Comparing systems trained on different datasets (with different language models) like this is like comparing apples to oranges. Mixing wildly different CPU and memory requirements into the benchmarks just makes it worse.

It should be fairly straightforward to do an unbiased comparison by training and evaluating with the standard Librispeech split and language model. It might be interesting to see how accuracy improves as the models scale up until they match the resource requirements of the other engines.

That said, the speed and memory usage are impressive and I like the focus on very low resource environments. Seems like it has a lot of potential even if it may not be SOTA.

1 comments

Thanks for the link. I'll be sure to look into it. It is impressive.

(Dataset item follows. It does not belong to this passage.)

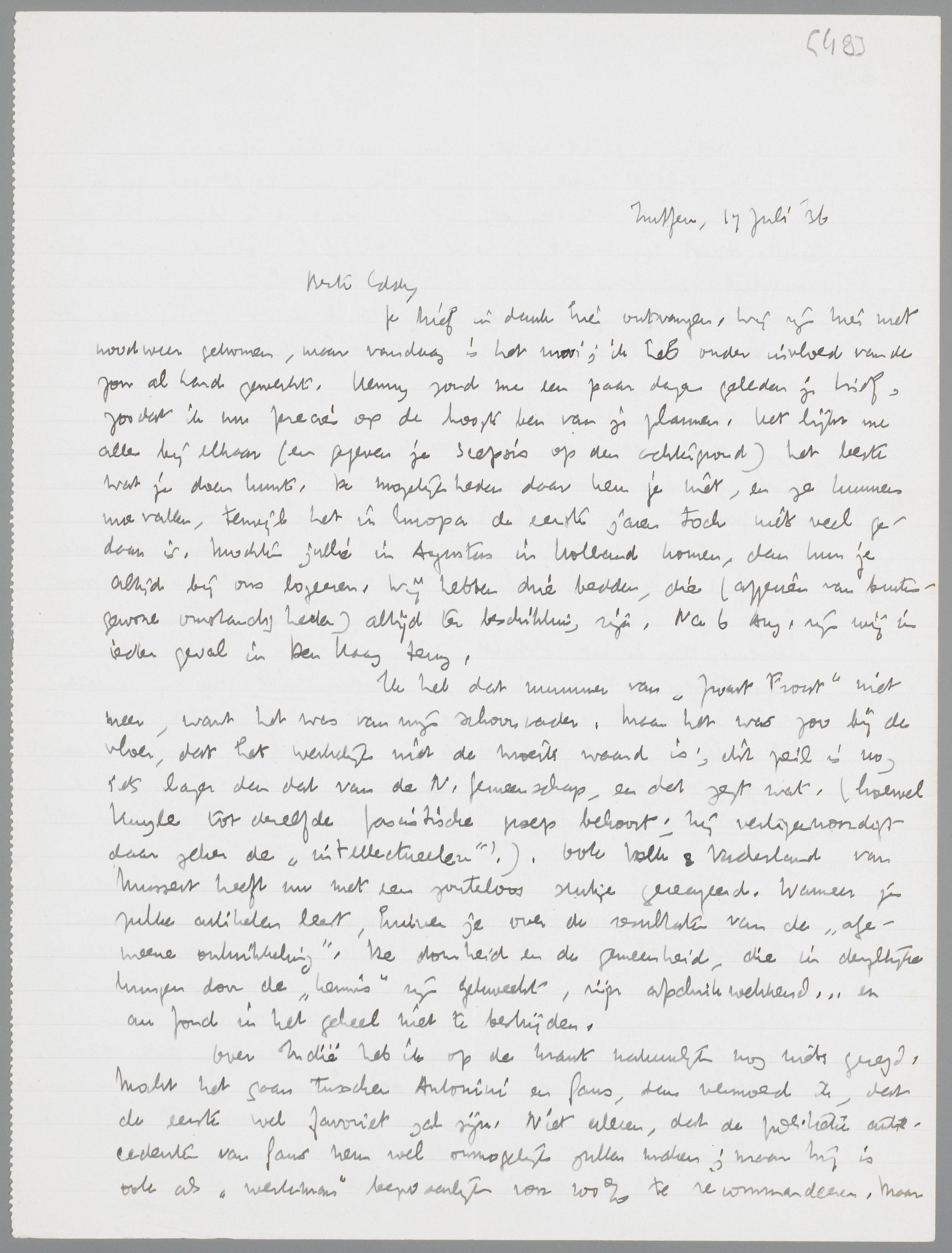 Je brief in dank hier ontvangen. Wij zijn hier met noodweer gekomen, maar vandaag is het mooi; ik heb onder invloed van de zon al hard gewerkt. Henny zond een paar dagen geleden je brief, zoodat ik nu precies op de hoogte ben van je plannen. Het lijkt me alles bij elkaar (en gegeven je scepsis op den achtergrond) het beste wat je doen kunt. De mogelijkheden daar ken je niet, en ze kunnen meevallen, terwijl het in Europa de eerste jaren toch niet veel gedaan is. Mochten jullie in Augustus in Holland komen, dan kun je altijd bij ons logeeren. Wij hebben drie bedden, die (afgezien van buitengewone omstandigheden) altijd ter beschikking zijn. Na 6 Aug. zijn wij in ieder geval in den Haag terug.

A disclaimer is that we use the valid train portion of CV as part of our training set. But it is less than 10% of the train set (in terms of hours). Also, we do not employ an LM mainly because the systems we are targeting do not have enough storage for a strong LM (usually the storage on them maxes out at 64 MB). Cheetah is an end-to-end acoustic model. For later versions, we might be able to add a well-pruned LM for specific domains with limited vocabulary to boost the accuracy with limited storage available.

I fully agree with your points. I am taking notes here as I think we should follow up on a couple of your suggestions. Scaling up to DeepSpeech model size can be a bit tricky as it would require much more compute resources (GPU). But should be quite doable with time and budget.

Thanks again for your comments and suggestions. As you correctly pointed out our main focus is the very low resource (CPU/Memory) embedded systems.